In keeping with the theme, six huge boxes of pears—about 500 pieces of fruit—were used to decorate the outdoor wedding site, and a cake made by Denise’s cousin was decorated with marzipan pears. The guest tables were named after varieties of pears.

The ceremony was intensely moving and personal. One of Mason’s most significant memories is of Denise’s father, handing over his daughter at one end of the bridge to her soon-to-be husband waiting on the other side.

“I’d always lived around water, we always had a stream by us, and I grew up fishing,” says Mason, 31-year-old owner of BareBones WorkWear, a local chain of work apparel stores. “It seemed fitting to have the bridge plus the symbolic effect of crossing the water.”

With Denise’s brother officiating, the couple recited vows they wrote themselves. But for Denise, one of the best parts of the day was yet to come.

“The biggest thing I wanted at my wedding was to dance with my grandfather,” she says. “We used to dance in the kitchen. But since his stroke five years ago, my grandfather has a hard time walking and speaking. He walks with a walker and cane. To be able to dance with him was the highlight of the wedding for me. I’m a typically composed person who doesn’t show much emotion, but I bawled my eyes out. And there wasn’t a dry eye in sight.”

Hot August Nights
Sean Finders, 28, and Ashley Orsaba, 26, threw a lot of sizzle into their Aug. 22, 2009, wedding at the Granite Bay Golf Club.
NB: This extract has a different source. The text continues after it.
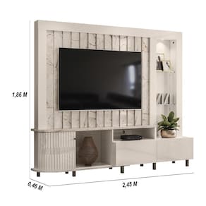 Material: MDP | Cor: Cumaru | Cômodo Indicado: Sala de Estar | Dimensões do Produto (A X L X P): 1,86 x 2,42 x 0,46 | Possui Prateleiras de vidro: Sim | Possui portas: Sim | Quantidade de portas: 1 | Tipo de Porta: Deslizante | Possui Gaveta: Sim | Quatidade de Gavetas: 2 | Tipo da Corrediça da Gaveta: Telescópicas | Possui LED: Sim | Possui Espelhos: Não | Possui pés: Sim | Quantidade de pés: 9 | Possui nichos: Sim | Peso do Produto (Kg): 101.7 | Altura do Produto (cm): 186 | Largura do Produto (cm): 242 | Comprimento do Produto (cm): 46 | Nome do Simples no Fornecedor: Home Theater Le Mans | Garantia do Fabricante: 90 dias | Instruções/Cuidados: Evite contato com líquidos. Nada de lavar os móveis. Móveis não gostam de umidade. Não deixe o móvel exposto ao sol. Os acessórios também precisam de limpeza. | Produto precisa de Montagem?: Sim, a montagem é simples mas sugerimos a contratação de algum profissional experiente de sua preferência | Material para Filtro: MDP | Material da Estrutura: MDP | Necessita Fixação na Parede: Não | Conteúdo Embalagem: Estante Home Theater Le Mans | Origem: Nacional | Estado de Origem: Paraná | Quantidade de Volumes: 3 | Comprimento x Largura x Altura (volume 01): 1,41 x 0,48 x 0,13 | Comprimento x Largura x Altura (volume 02): 1,84 x 0,37 x 0,10 | Comprimento x Largura x Altura (volume 03): 2,41 x 0,30 x 0,06 Cor: Calacata/Off White

And that’s as it should’ve been. There’s no keeping it cool when the groom battles flames for a living.

Sean’s job as a Rocklin firefighter inspired the couple’s choice of colors. “Instead of neutrals, pinks and purples, we decided to go for hot summer colors: reds, yellows, oranges and golds,” says Ashley. Katie Edwards of Ambience Floral Design in Roseville used luxurious red and orange fabrics to create vivid backdrops for the garden ceremony and the cake table.
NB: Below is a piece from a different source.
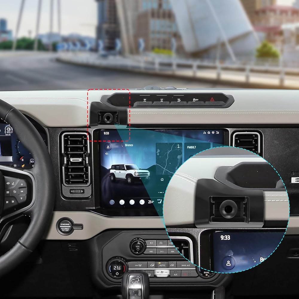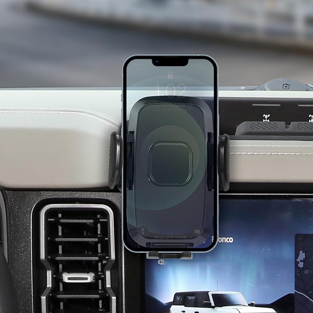 • 【ملاءمة مخصصة لـ Bronco】: يضمن حامل الهاتف المصمم خصيصًا قبضة صلبة على لوحة القيادة لفورد برونكو (2021-2024).

The couple entered their reception to fanfare by a bagpiper and drummer from the Sacramento Firefighters Pipes and Drums band. “Anybody who’s part of the firefighter family—and there were a lot of firefighters there—is moved by bagpipes,” says Lora Ward, who planned the wedding. “People were standing, screaming, clapping and crying.”

But the wedding wasn’t all about heroes in yellow helmets. A different glimpse into the couple’s life together emerged during dinner, when guests were served vegetables from their garden.
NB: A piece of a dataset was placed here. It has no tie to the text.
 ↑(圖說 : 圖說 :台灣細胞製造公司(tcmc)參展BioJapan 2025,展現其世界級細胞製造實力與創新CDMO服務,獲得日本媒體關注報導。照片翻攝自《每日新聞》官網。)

“We had eggplant, cucumbers, tomatoes, zucchini, peppers. There must’ve been 10 or 15 bags of produce that we brought in,” says Ashley, who works as a civil engineer in Roseville.

For the wedding cake, Sean had a surprise up his sleeve. “I was getting ready to cut the cake with a lovely Waterford cake-cutting set that my mom had bought,” Ashley recalls, “but then he pulled out the ax that he uses at work. He ended up cutting the cake with the fire ax!”

Sean requested a special song with which to end the evening: “For Those About to Rock (We Salute You)” by AC/DC, complete with four confetti cannon launches.

The couple’s exit from the reception was as dramatic as their entrance. While Ashley originally wanted to bid adieu down a sparkler-lined path, Sean nixed that idea for safety reasons, opting instead for candlelight.

For the pair’s getaway wheels, only one type of vehicle seemed fitting. Ashley and Sean waved goodbye from the back of a vintage 1930s fire truck—the perfect ending to one of the hottest August nights on record.